Note that doing “python_select -l” will list all of the python installs to choose from on your machine.

Now, we’ll install numpy, scipy and all of their dependencies all at once!  Scipy is not necessary, but it’s extremely useful for other things, so I’m installing it as well.  Scipy depends on numpy, which depends on python…so if we tell MacPorts to install Scipy for python 2.6, everything will be installed!  (also there are a ton of dependencies here I’m not going into.  When you run the command it will tell you all the stuff it is going to install in addition to scipy, numpy and python…you can see it is a HUGE list of dependencies.  Thank goodness we don’t have to install all of these by hand!).  We also throw matplotlib and cfitsio into this command to get them taken care of as well (and wget, I can’t live without wget).

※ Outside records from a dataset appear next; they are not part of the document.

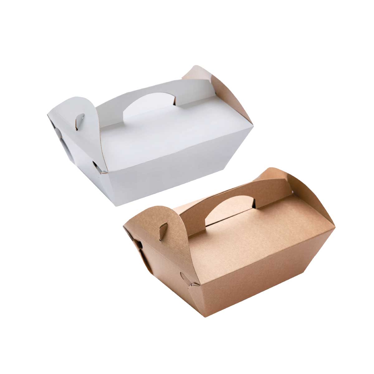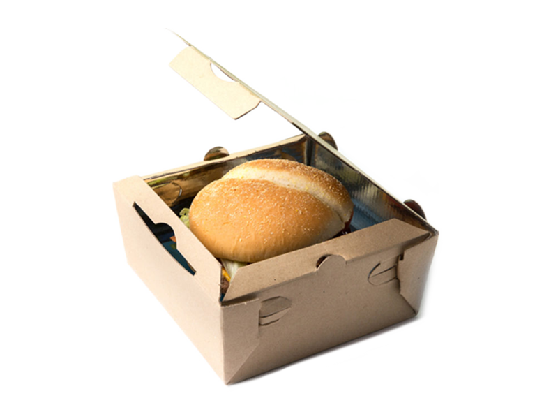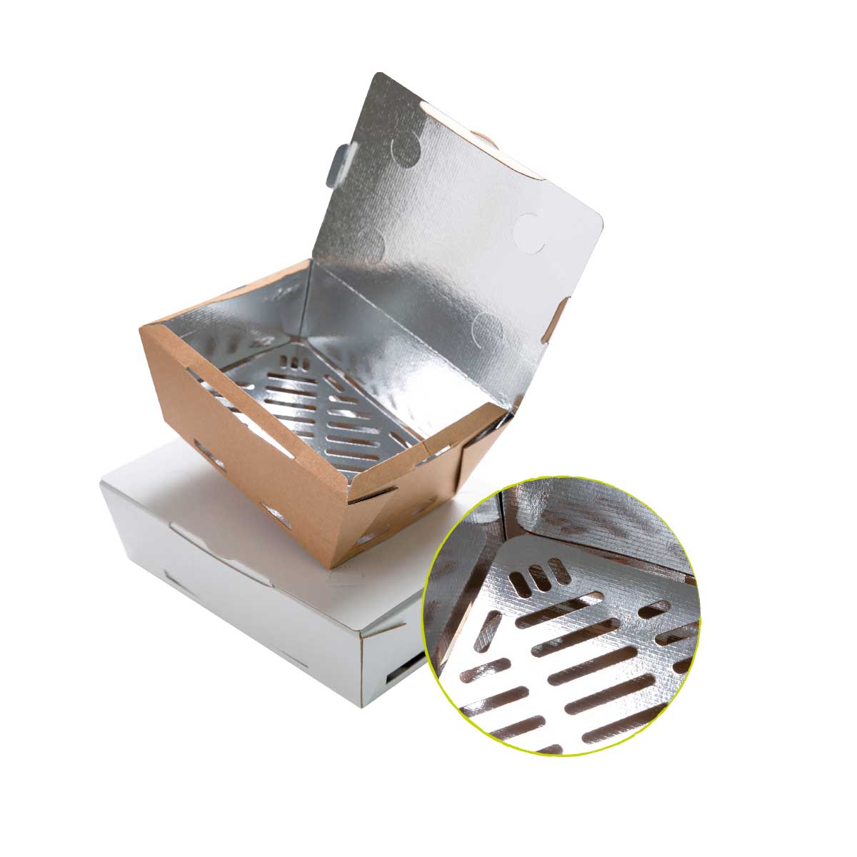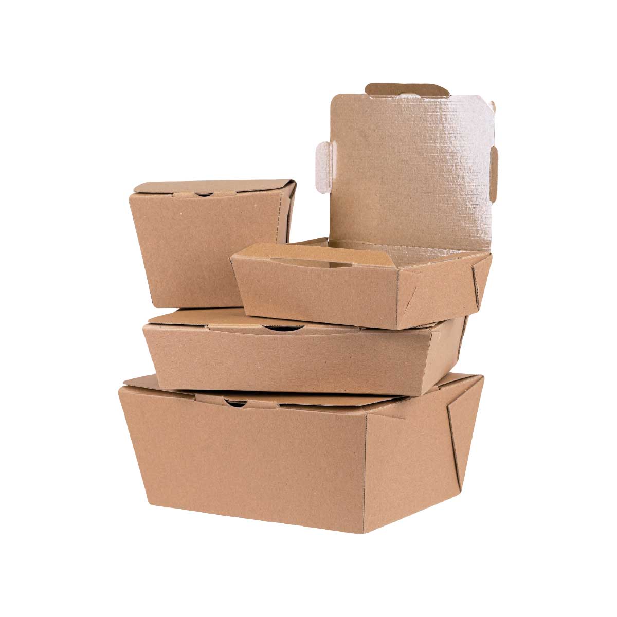 Per cibi caldi da asporto consigliamo le nostre confezioni in cartone con rivestimento in PLA (acido polilattico derivato dal mais), che offrono ottimo isolamento termico e resistenza all'umidità. Mantengono la temperatura per circa 30-40 minuti e non rilasciano sostanze nocive anche con alimenti grassi o acidi. Inoltre, a differenza dei contenitori in polistirolo, sono ecosostenibili e completamente riciclabili nella carta.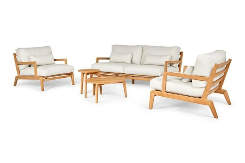 Sedací souprava SUNS Termoli je navržena pro dlouhodobé používání v exteriéru. Díky kombinaci teaku, rychleschnoucí pěny a látek Sunproof® si uchovává svůj luxusní vzhled a pohodlí po mnoho let.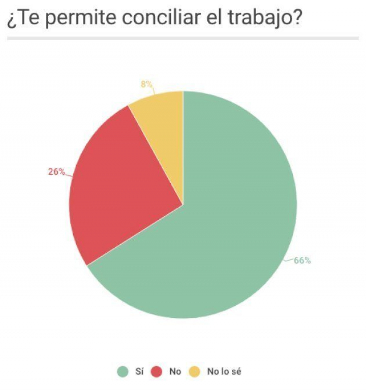 Otro aspecto importante del ámbito laboral es la conciliación familiar. Un 66% de los encuestados dice que sí puede, pero un 26% admite que no.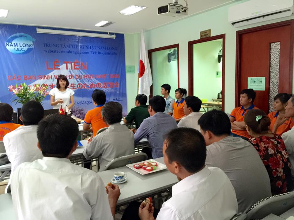 Buổi lễ chia tay được tổ chức trang trọng tại văn phòng công ty. Tới dự lễ chia tay có các bậc phụ huynh - học sinh du học Nhật Bản kỳ tháng 7/2015, các em học sinh đang theo học Nhật ngữ tại Trung tâm NamLong  cùng tập thể lãnh đạo, cán bộ, giáo viên  công ty.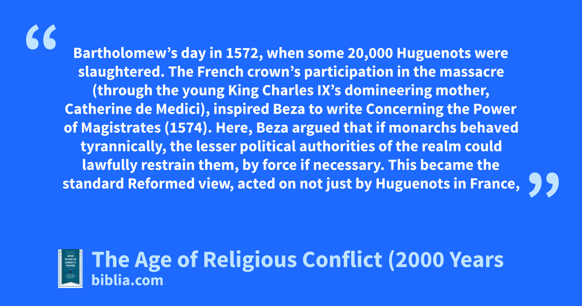 Bartholomew’s day in 1572, when some 20,000 Huguenots were slaughtered. The French crown’s participation in the massacre (through the young King Charles IX’s domineering mother, Catherine de Medici), inspired Beza to write Concerning the Power of Magistrates (1574). Here, Beza argued that if monarchs behaved tyrannically, the lesser political authorities of the realm could lawfully restrain them, by force if necessary. This became the standard Reformed view, acted on not just by Huguenots in France,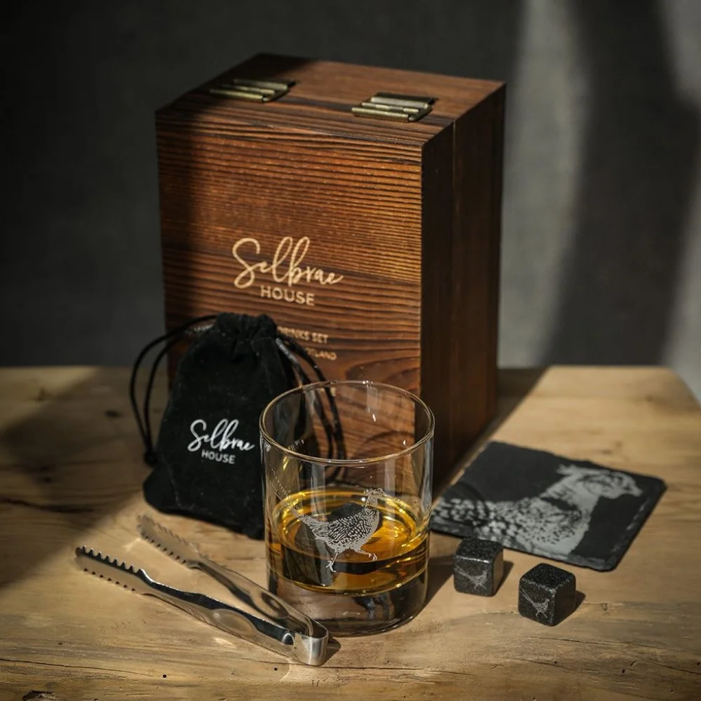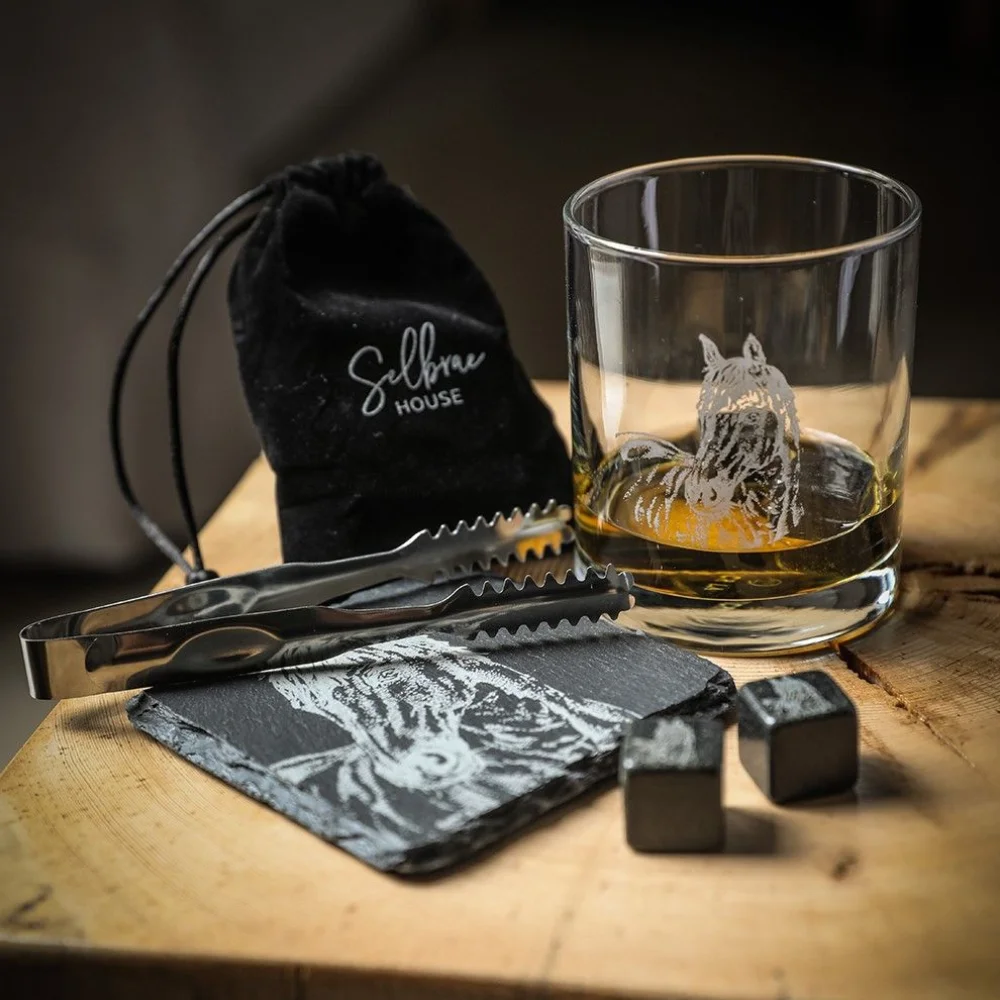 This set includes a horse engraved coaster, alongside a horse printed whisky tumbler and whisky stones. The set comes complete with mini tongs and a branded velvet pouch used for storing the whisky stones, which will allow you to cool your drink without diluting it. Presented in a beautiful rustic wood gift box, this set it perfect for displaying in drinks cabinets and on drinks trolleys. A tasteful gift for those who enjoy a little tipple.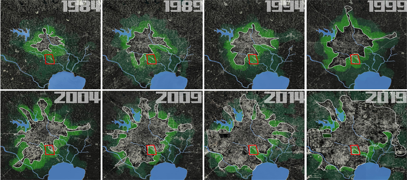 沿用水口园林的布局形态,传承文脉,实现传统文明与现代文明交互更替。十五里河,自西北穿园而过,锦绣湖地势低洼,天然可聚全园灵秀之水。守望森林作为城市最后的保护地,像水口林一样,守望千年,庇万物生息。中央全向信标塔与西侧城市组团恰好呼应了聚落与水口塔的对应关系,水口格局,跃然城上。
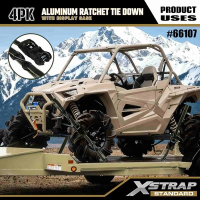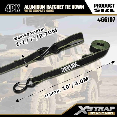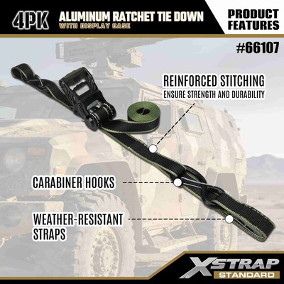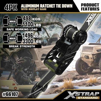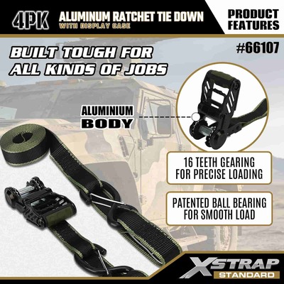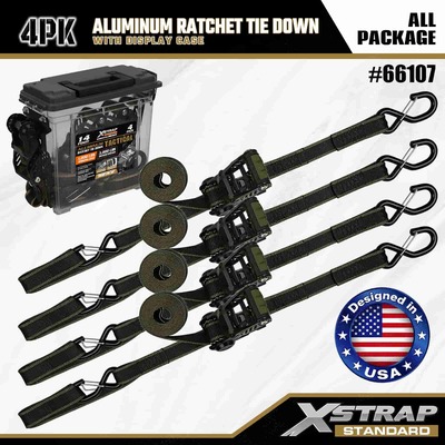 Xstrap 4 pacotes de amarração de catraca de alumínio, alça de amarração de poliéster de 1-1/4” x 14’ com alça de catraca de tração de laço macio, tiras de fixação de amarração de carga com capacidade de 1000 libras com ganchos de segurança S para caminhonete de controle de carga, SUV, racks superiores de carro para motocicleta.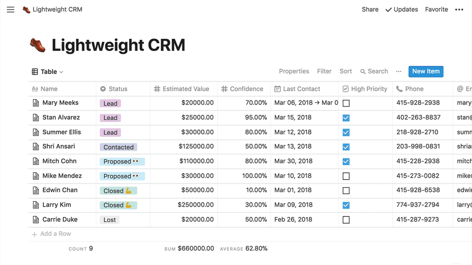 Notion還有一個厲害的功能就是建立資料庫,例如說你可以整理一大堆你平常喜歡去的咖啡廳,在表格中記錄下這些咖啡廳的屬性後,你可以直接用索引的方式找到你想要的咖啡廳,例如說可以用地區排列或是用價錢高低排列,相較之下evernote裡的表格就真的只是單純的表格,沒有資料分析的功能。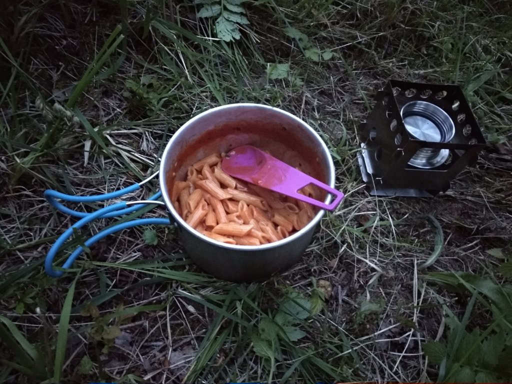 Nachdem ich de Hängematte und das Tarp aufgestellt habe, bade ich mich kurz in der eiskalten Mürz, dann wird gekocht!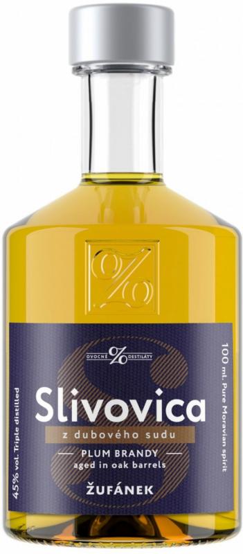 Žufánek Slivovica 0,1l 50% mini Slivovice je ovocný destilát s chutí a vůní po švestkách. Vyrábí se z vyzrálých švestek s pevně stanovenými poměry odrůd a tím je zajištěna originálnost pravé slovácké slivovice. Je to složitý a dlouhý proces. Nejdříve se připraví kvas, to je nejdůležitější prvek ve výrobním procesu a poté následuje řízená destilace. Slivovice je prodávána v originálních skleněných lahvích.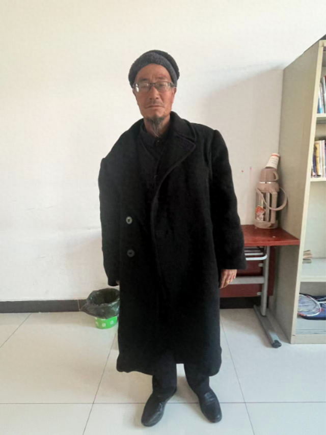 受助者特征:自述叫张贵生,甘肃省定西市人;穿黑色呢子大衣、黑色裤子、黑色皮鞋,戴灰色帽子、眼镜,高约1米7,重55公斤,光头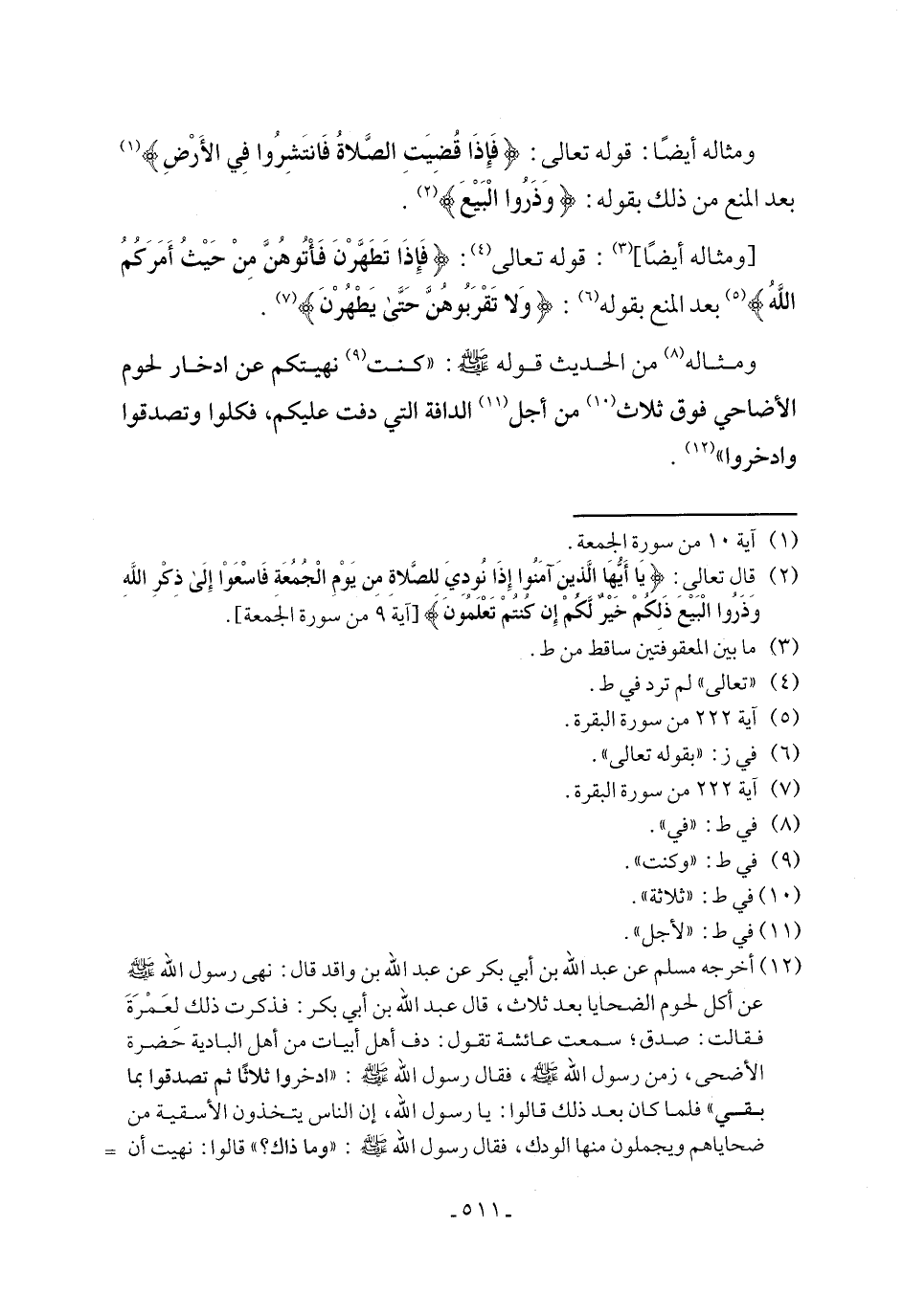 (¬12) أخرجه مسلم عن عبد الله بن أبي بكر عن عبد الله بن واقد قال: نهى رسول الله - صلى الله عليه وسلم - عن أكل لحوم الضحايا بعد ثلاث، قال عبد الله بن أبي بكر: فذكرت ذلك لعَمْرَةَ فقالت: صدق؛ سمعت عائشة تقول: دف أهل أبيات من أهل البادية حضرة الأضحى، زمن رسول الله - صلى الله عليه وسلم -، فقال رسول الله - صلى الله عليه وسلم -: "ادخروا ثلاثًا ثم تصدقوا بما بقي" فلما كان بعد ذلك قالوا: يا رسول الله، إن الناس يتخذون الأسقية من ضحاياهم ويجملون منها الودك، فقال رسول الله - صلى الله عليه وسلم -: "وما ذاك؟ " قالوا: نهيت أن =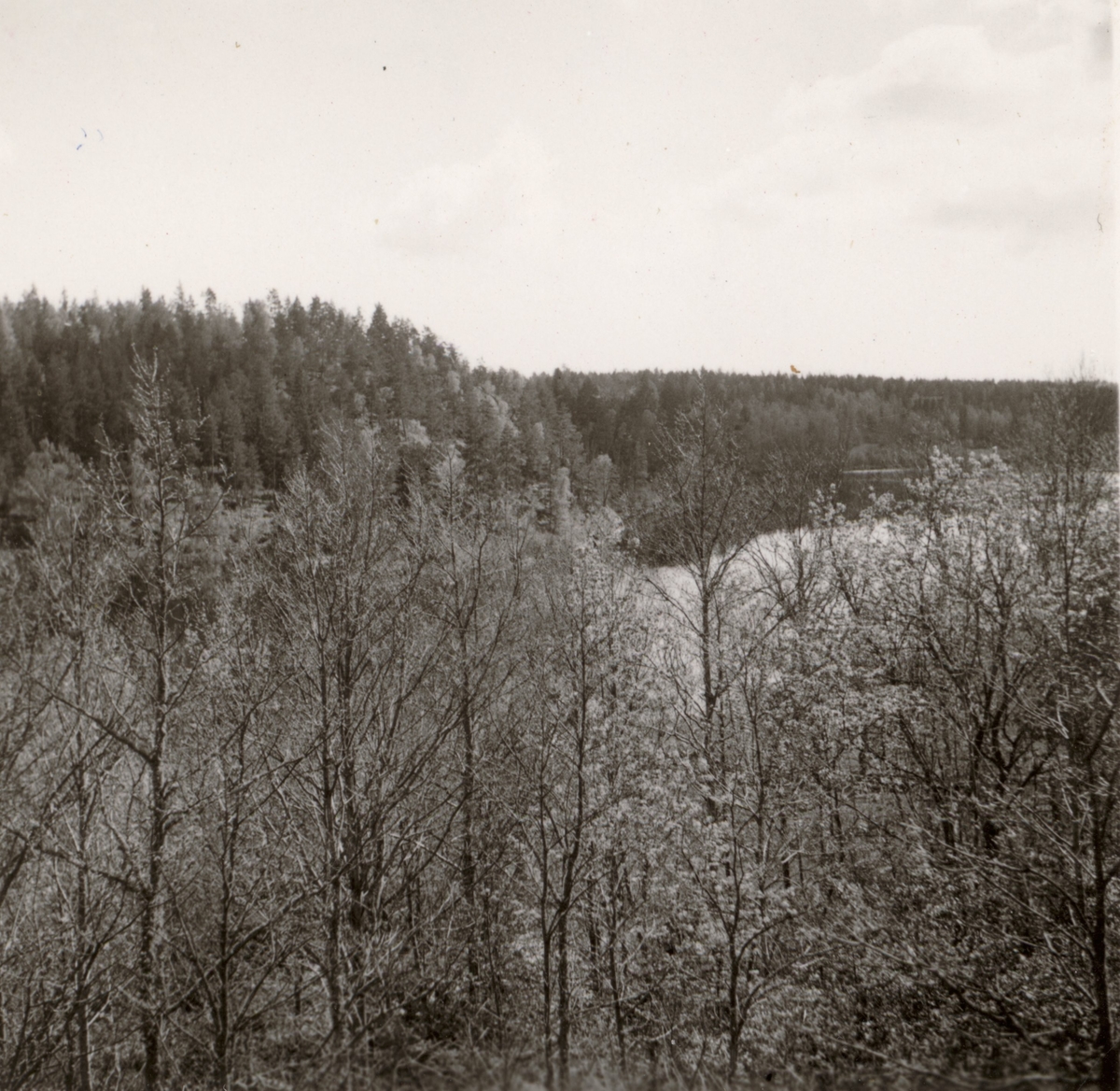 Vy over skogen i Bjurvik. Mellan träden kan man skymta vatten.

sudo port -v install py26-scipy py26-matplotlib cfitsio wget

Warning: This will take FOREVER…hours on a decent machine (took one of the ones I did this on over 5 hours).  There are so many libraries to install and BLAS, LAPACK, numpy, and scipy alone take forever to configure and install.  Go get a delicious beverage, eat a donut, or better yet, sleep…it might be done by morning if you’re lucky.

After all that work, we need to test it.  Fire up a new terminal and try importing each of the libraries, if there’s no error, everything went smoothly :)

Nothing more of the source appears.